The universe is almost entirely composed of atoms and molecules. Understanding much of science, including all natural systems, depends upon understanding chemical processes. And understanding these processes holds the key to solving the most pressing problems facing our planet. If you are concerned that we develop alternative energy sources, control and reduce pollution and improve population health with new vaccines and drugs, you must vote for chemistry.

Tim Oldham, Imperial College

MOLECULAR BIOLOGY If we want to make an impact on childhood deaths in the west, half of which are caused by mutations in DNA, then we must support genetics.

Only genetics can get us to the root cause of such diseases and so bring improved and rational treatments. For those of us who make it through to middle and old age our genes influence what we are most likely to die from - be it cancer, heart disease, stroke or dementia.

Let us get back to basics, and as far as the planet's biology is concerned DNA is the basics. Using molecular biology to study variations in DNA means we can identify the very molecules that control how we all develop from single cells to complex multicellular animals. Our genes encode the proteins that tell our cells to grow and divide - or to die, and they encode the antibodies that give us immunity from infectious disease. Genes encode proteins that are involved in forming memory, turn light into vision, and even predispose people to aggression or a desire to seek out thrills in life.

Your DNA is both your making and, often, your undoing - it may even influence whether, when you vote, you are short-sighted or blessed with good judgement.

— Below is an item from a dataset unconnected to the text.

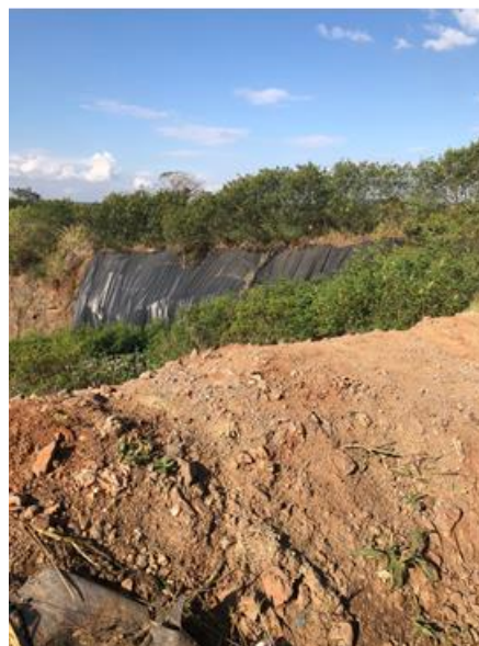
Figura 7: Vala com geomembrana para evitar a infiltração de lixiviados no solo.

Após a deposição dos resíduos na vala, é realizado o processo de compactação dos resíduos, com a utilização de trator esteira (figura 8). De acordo com as informações, a compactação dos resíduos é considerada ótima, entorno de 0,65. O transporte dos resíduos até o aterro é realizado por caminhões compactadores (figura 9). Os procedimentos tais como

Wendy Bickmore, MRCHuman Genetics Unit, Edinburgh

MATHEMATICS is fundamental to science. Indeed, the "scientific method" arguably has its origins with the Greek mathematicians such as Euclid and Pythagoras. Since then mathematics has become ever more important to science. The great theories in physics and cosmology are mathematical, for example the theories of Einstein and Feynman, the major physicists of the 20th century - or those of the cosmologists Hubble and Hawking.

If mathematics were to disappear then science would too, because science cannot function without it. Mathematics is the life-blood of computer science, for example. And the geneticists who are, perhaps foolishly, rearranging the human genome, would be lost without mathematics for analysing their data.

Mathematics on the other hand could continue successfully without the other sciences, not just as a complete self-supporting science but because increasing use of mathematics is being made in the humanities and social sciences. Finally, do not forget that mathematicians can operate on a fraction of the budget required by the other sciences. In this harsh economic climate, financial considerations cannot be ignored. Mathematics is essentially cerebral and does not need the expensive equipment that other sciences need.